What you need to do: Could you copy out all the lines in the material below where the word "with" occurs?

[Start of section]

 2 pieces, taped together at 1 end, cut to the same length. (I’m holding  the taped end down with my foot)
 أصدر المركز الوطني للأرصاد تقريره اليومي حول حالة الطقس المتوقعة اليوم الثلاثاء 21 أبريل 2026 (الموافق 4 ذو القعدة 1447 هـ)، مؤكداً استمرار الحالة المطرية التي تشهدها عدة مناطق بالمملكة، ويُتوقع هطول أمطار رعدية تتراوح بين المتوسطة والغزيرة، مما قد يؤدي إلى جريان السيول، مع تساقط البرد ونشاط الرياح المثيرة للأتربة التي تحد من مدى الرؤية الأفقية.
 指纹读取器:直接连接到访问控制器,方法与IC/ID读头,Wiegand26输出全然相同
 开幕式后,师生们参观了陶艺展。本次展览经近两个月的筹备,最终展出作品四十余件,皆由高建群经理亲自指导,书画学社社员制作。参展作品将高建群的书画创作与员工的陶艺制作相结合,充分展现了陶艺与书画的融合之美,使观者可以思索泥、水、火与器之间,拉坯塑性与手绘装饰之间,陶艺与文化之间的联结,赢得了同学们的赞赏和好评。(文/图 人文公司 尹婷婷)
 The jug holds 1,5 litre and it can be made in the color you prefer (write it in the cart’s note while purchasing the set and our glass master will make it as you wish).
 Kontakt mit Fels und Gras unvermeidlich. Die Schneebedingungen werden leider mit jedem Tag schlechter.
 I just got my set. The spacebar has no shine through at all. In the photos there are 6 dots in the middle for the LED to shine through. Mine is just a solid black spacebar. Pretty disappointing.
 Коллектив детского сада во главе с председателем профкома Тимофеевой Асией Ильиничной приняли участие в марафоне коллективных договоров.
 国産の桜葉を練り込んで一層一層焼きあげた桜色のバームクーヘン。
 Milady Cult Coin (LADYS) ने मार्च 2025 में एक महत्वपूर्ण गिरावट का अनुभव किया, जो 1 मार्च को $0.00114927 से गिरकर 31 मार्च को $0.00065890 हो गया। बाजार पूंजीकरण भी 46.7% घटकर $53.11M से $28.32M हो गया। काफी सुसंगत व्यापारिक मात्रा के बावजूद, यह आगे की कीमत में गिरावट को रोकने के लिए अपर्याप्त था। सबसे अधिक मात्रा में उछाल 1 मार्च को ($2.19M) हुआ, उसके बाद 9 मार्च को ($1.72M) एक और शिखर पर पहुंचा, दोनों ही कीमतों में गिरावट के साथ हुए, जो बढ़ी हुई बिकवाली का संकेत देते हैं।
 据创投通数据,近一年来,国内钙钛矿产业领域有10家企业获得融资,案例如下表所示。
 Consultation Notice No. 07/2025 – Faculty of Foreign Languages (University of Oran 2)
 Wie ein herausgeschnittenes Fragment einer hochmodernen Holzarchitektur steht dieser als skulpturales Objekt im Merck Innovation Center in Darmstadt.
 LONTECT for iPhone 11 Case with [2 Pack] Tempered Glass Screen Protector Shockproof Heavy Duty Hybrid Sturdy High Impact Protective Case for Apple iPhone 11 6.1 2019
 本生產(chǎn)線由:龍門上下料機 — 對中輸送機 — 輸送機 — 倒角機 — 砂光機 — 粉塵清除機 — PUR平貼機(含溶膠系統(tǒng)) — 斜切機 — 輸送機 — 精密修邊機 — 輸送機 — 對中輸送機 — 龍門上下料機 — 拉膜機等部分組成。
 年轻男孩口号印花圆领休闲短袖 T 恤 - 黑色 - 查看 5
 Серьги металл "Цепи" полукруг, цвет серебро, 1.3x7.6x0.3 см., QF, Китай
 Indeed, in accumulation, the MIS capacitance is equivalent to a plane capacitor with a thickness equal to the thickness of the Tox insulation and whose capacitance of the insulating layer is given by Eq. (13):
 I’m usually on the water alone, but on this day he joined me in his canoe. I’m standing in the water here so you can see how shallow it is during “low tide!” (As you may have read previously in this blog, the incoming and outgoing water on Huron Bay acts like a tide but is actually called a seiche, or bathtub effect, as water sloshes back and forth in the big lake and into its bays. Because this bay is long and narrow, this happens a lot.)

[End of section]

Solution to this task:
 2 pieces, taped together at 1 end, cut to the same length. (I’m holding  the taped end down with my foot)
 LONTECT for iPhone 11 Case with [2 Pack] Tempered Glass Screen Protector Shockproof Heavy Duty Hybrid Sturdy High Impact Protective Case for Apple iPhone 11 6.1 2019
 Indeed, in accumulation, the MIS capacitance is equivalent to a plane capacitor with a thickness equal to the thickness of the Tox insulation and whose capacitance of the insulating layer is given by Eq. (13):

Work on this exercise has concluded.